P. S. Все, что здесь описано, было на самом деле. Больше это едва ли повторится. Прошу впоследствии иметь это в виду. Записал же, как столь важное, какое редко и было, даже, можно сказать, просто в моей жизни ничего такого и не бывало, — да и будет ли? Всё вопросы, вопросы — озабоченные, полузлобные… Когда же это кончится, господи?
29 августа. Шахматово
Один только раз мы ходили очень долго. — Сначала пошли в Казанский собор (там бывали и еще), а потом — по Казанской и Новому переулку — в Исаакиевский. Ветер был сильный и холодный, морозило, было солнце яркое, холодное. Собор обошли вокруг, потом вошли во внутрь. Тихонько пошептались у дверей монашки (это всегда — они собирают в кружки) — и замерли. В соборе почти никого не было. Вас поразила высота, громада, торжество, сумрак. Голос понизили даже. Прошли глубже, встали у колонны, смотрели наверх, где были тонкие нитки лестничных перил. Лестница ведет в купол. Там кружилась, наверное, голова. Вы стали говорить о самоубийстве, о том, как трудно решиться броситься оттуда вниз, что отравиться — легче: есть яд, быстро действующий. Потом ходили по диагонали. Солнце лучилось косо. Отчего Вам тогда хотелось сумрака, пугал Вас рассеянный свет из окон? Он портил собор, портил мысли, что же еще? — …Потом мы сидели на дубовой скамье в противоположной от алтаря части, ближе к Почтамтской. А перед тем ходили весь день. Стало поздно, вышли, опять пошептались монашки. Пошли по Новому и Демидову переулкам, вышли на Сенную. Мне показалось ужасно близко. Вы показали трактир, где сидел Свидригайлов. Вышли к Обуховскому мосту, дошли до самой Палаты. Еще с моста смотрели закат, но Вам уже не хотелось остановиться. Это было в последний paз. Кто-то видел нас. Следующий раз был уже на Моховой, на углу Симеоновского переулка и набережной Фонтанки и на Невском около Глазунова, близ Казанского собора. Это уже лучше и не вспоминать и не напоминать. Это было 29 января, — а уж 7 февраля — полегче. Это было необыкновенно, кажется, очень важно, разумеется, для меня. Для Вас — мимолетность. Но чтобы я когда-нибудь забыл что-нибудь из этого (и Р. Келер[29] и т. д. — подробности Вам знакомые) — для этого нужно что-нибудь совсем необыкновенное, притом того же порядка.
2 сентября[30]
Встретившиеся в сентябре на Фабричной улице были: Богач и Лазарь. Тот, которого звали Богачом, имел тогда в глазах нечто связное и бодрящее. Он был силен, высок и красив лицом.

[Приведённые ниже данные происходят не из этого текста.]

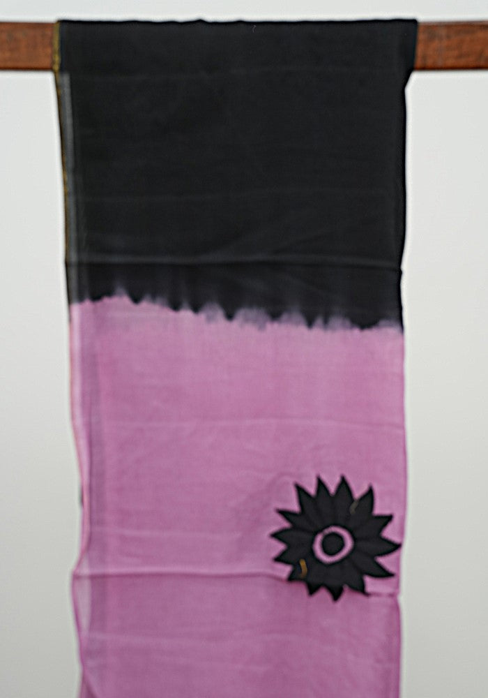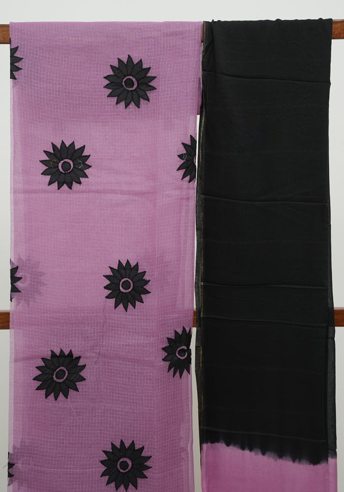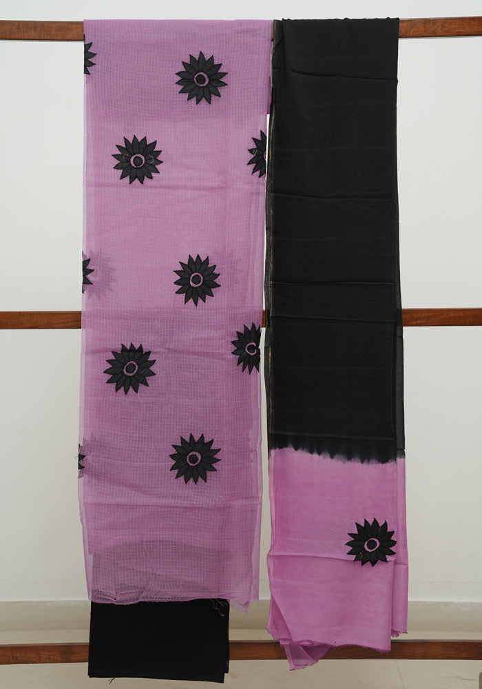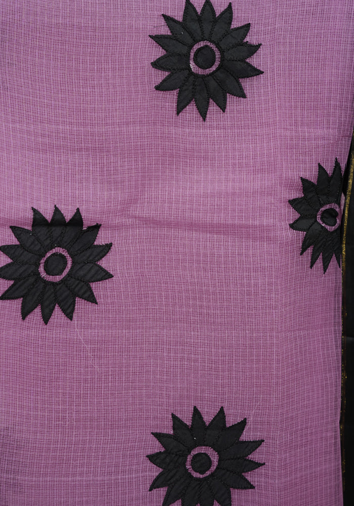 Purple and Black Unstitched Applique Work Kota Salwar Set With Silk Dupatta

Лазарь был оборван, пьян и унижен.
Оба смотрели прямо в глаза друг другу. Оба знали одно и то же в прошедшем, но разное — в будущем. Это и соединяло и делило их. Но пока они были заодно и вели богословский разговор о богородице. Лазарь выслушивал догматы — и не спорил, потому что был во всем согласен с Богачом. Это была лучшая минута в его жизни.